Bow St police station

Bow Street police station, WC2. Photo © David Secombe 2010.

Tying in with today’s post on Wilde’s trials on Baroque in Hackney, we reprise this photograph and extract which were originally published in 2010 on Esoteric London.

From The Life of Oscar Wilde by Hesketh Pearson, 1946:

[. . .] at some point between seven and eight o’clock that evening the police called at the Cadogan Hotel and knocked at the door of Room 53.

‘Mr. Wilde I believe?’

‘Yes?’

‘We are police officers and hold a warrant for your arrest.’

‘Oh really?’ He seemed relieved.

‘I must ask you to accompany us to the police station.’
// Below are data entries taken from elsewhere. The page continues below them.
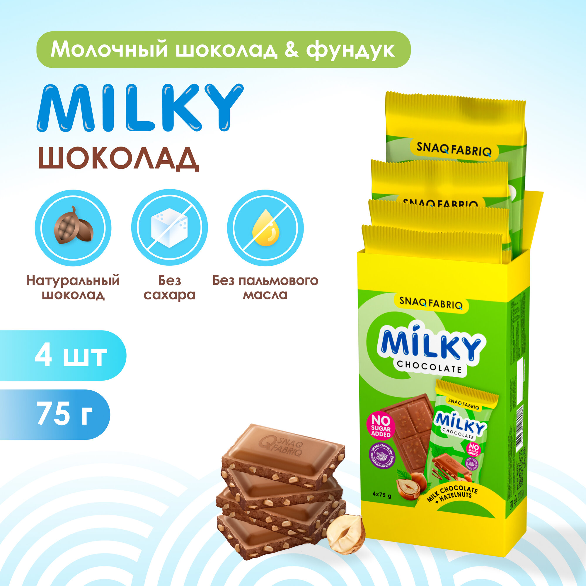 10 цен на Snaq Fabriq Молочный шоколад без сахара MILKY с фундуком, 75г х 4шт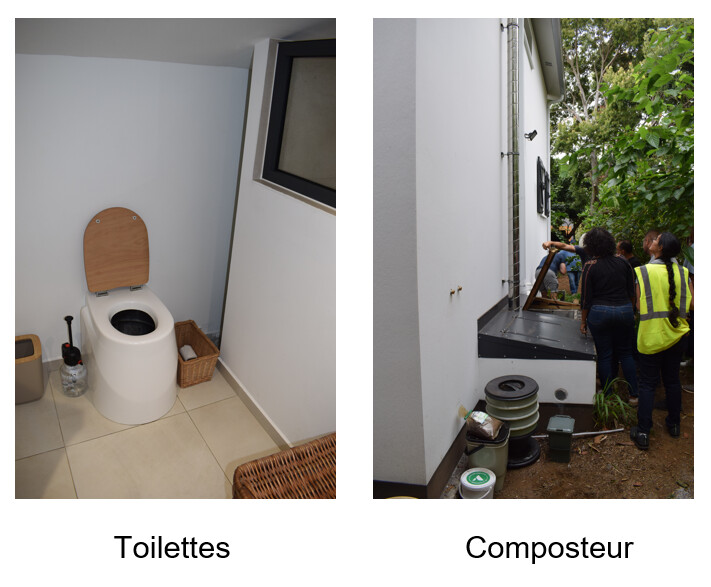 Nous avons prévu des chiottes sèches au rez-de-chaussée avec une décharche dans une grande cuve qui sera vidée par une trappe extérieure. Cette cuve sera semi-enterrée et la trappe extérieure est déjà prévue.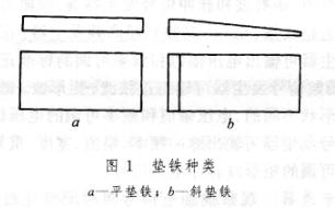 主要有平墊鐵和斜墊鐵(圖1)兩種。平墊鐵用于承受主要負荷和有較強連續(xù)振動的設備。斜墊鐵有單塊斜墊鐵和成對斜墊鐵兩種,單塊斜墊鐵大多不承受主要負荷,其下面應有平墊鐵;成對斜墊鐵用于承受主要負荷,在配合座漿法施工中普遍使用。平墊鐵一般為矩形,但因設備安裝部位或設備構造的需要,有時也采用開口墊鐵或L形墊鐵。帶勾頭的成對斜墊鐵一般用于無需地腳螺栓而直接安裝在地坪上的設備。螺栓調整墊鐵,也屬于成對斜墊鐵的范疇,它是通過擰動調整螺栓使兩塊斜鐵相對移動而改變設備高度,可提高安裝工作效率,適用于機床等設備的安裝。

Wilde got up, a little unsteadily, put on his overcoat, took his hat and gloves, and followed them out. They drove in a four wheeler, via Scotland Yard, to Bow Street. Robert Sherard asked Wilde, in view of his superstition on the subject, whether the cab horse that drove him from the Cadogan was white. ‘I was too much interested to notice’, said Wilde, having chatted away on all sorts of topics with the detectives, who thought him a most amiable gentleman. At Bow Street, the charges were read out to him, after which he was taken to a cell, where press reporters were allowed to peer at him through the grille, and where he paced to and fro all night, unable to sleep. Next day he was removed to Holloway Gaol.